Richard Wilde is chair emeritus after a 50-year career at the School of Visual Arts. He was the founder and chair of the BFA Design department and chair of the BFA Advertising department. He has won hundreds of professional awards, including being a laureate of the Art Directors Club Hall of Fame and a laureate of the One Club Hall of Fame. Richard has written several books on design education, documenting the work done in his legendary visual literacy class, in addition to publishing more than 30 books. The most recent publication about Richard is Honoring the Legacy of the Wilde Years by Graphis.

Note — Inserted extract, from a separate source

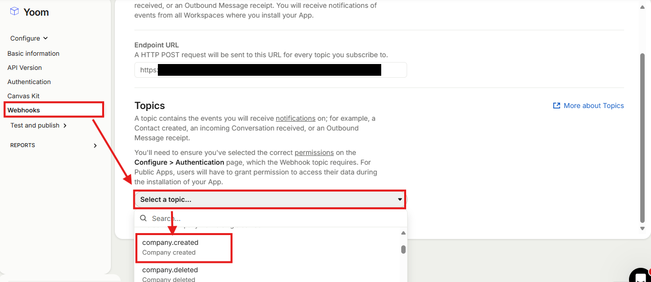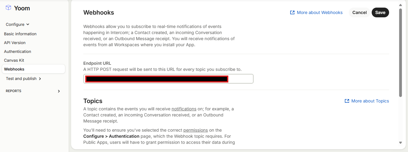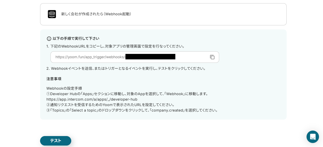 ・IntercomのWebhookの設定方法は下記をご参照ください。

Richard’s proudest achievement is that during the 10 years prior to his retirement, his students won more major awards than all other art schools in the US combined.
(Being asked to participate in this article, I must point out that I was chair of the BFA Advertising and BFA Design departments at the School of Visual Arts for 50 years, and my comments pertain to those times. I retired in 2019 before the pandemic began. I was so happy to learn that in 2020, SVA maintained its illustrative history of award dominance, and won School of the Year for the 7th year in a row.)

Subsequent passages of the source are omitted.